** THE PROBLEM **
Exactly the lines below from the line with "La délégation de" through the line with "Las plantas tienen" must make up the answer, both ends included and pictures left out.

── GIVEN RECORDS

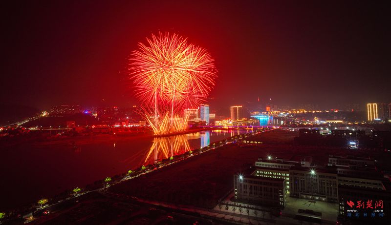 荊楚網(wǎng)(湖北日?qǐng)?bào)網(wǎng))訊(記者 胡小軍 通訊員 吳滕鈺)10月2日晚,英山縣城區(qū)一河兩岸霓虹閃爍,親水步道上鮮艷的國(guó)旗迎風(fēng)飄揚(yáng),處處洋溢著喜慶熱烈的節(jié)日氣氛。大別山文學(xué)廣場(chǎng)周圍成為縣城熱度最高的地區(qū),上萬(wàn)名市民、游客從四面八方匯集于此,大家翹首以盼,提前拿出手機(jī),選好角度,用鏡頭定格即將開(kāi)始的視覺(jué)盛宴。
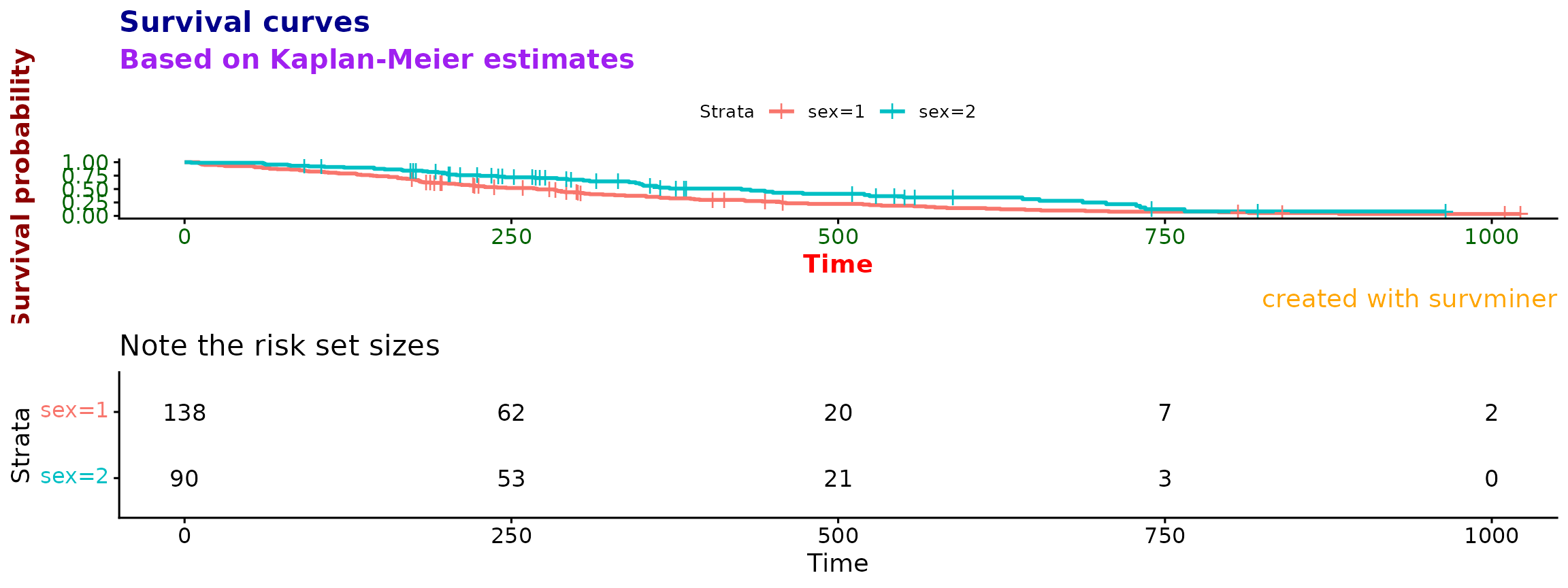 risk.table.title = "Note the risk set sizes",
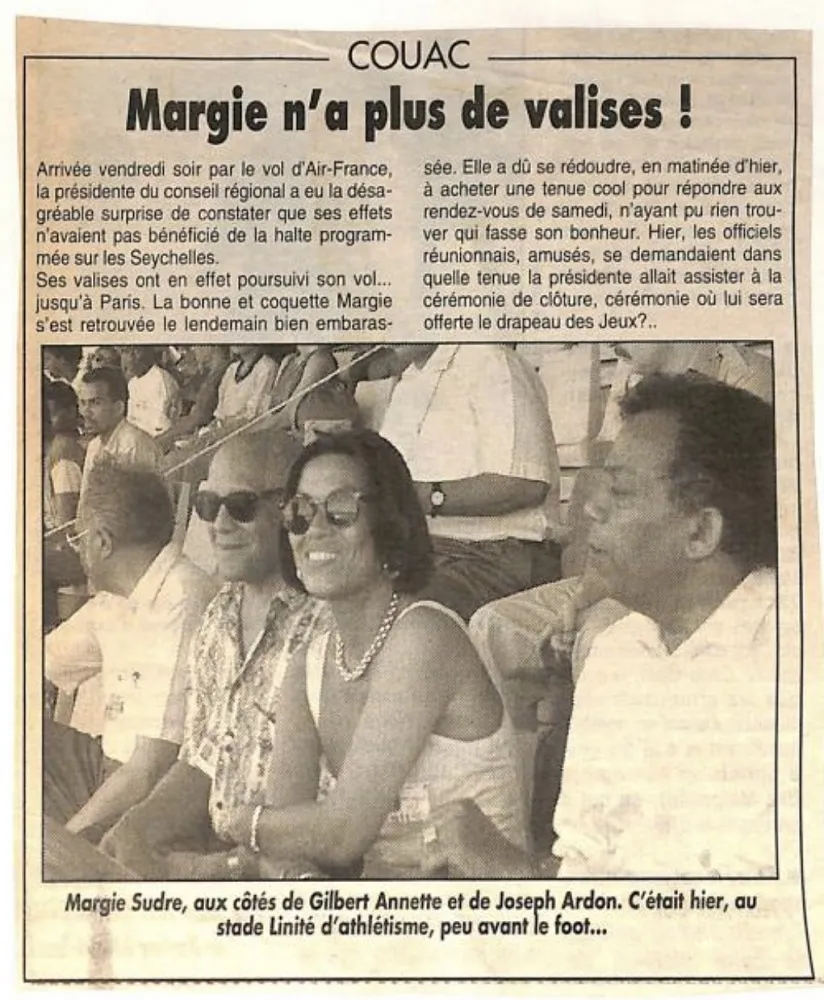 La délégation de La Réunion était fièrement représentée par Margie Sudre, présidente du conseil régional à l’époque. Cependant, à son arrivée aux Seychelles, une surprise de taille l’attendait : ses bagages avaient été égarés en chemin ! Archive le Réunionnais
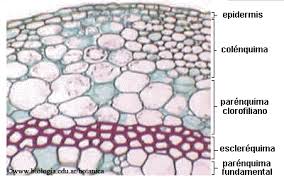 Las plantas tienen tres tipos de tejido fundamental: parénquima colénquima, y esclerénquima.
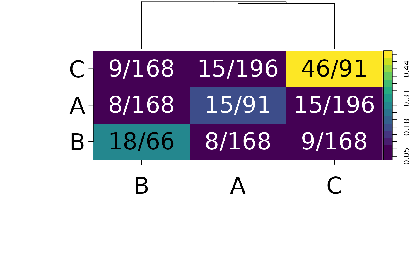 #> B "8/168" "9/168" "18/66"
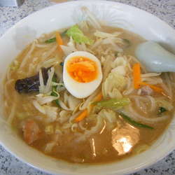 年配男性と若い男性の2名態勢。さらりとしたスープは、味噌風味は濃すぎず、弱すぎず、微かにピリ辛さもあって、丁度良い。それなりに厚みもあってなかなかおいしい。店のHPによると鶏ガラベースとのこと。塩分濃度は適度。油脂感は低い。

────

** ANSWER **
 La délégation de La Réunion était fièrement représentée par Margie Sudre, présidente du conseil régional à l’époque. Cependant, à son arrivée aux Seychelles, une surprise de taille l’attendait : ses bagages avaient été égarés en chemin ! Archive le Réunionnais
 Las plantas tienen tres tipos de tejido fundamental: parénquima colénquima, y esclerénquima.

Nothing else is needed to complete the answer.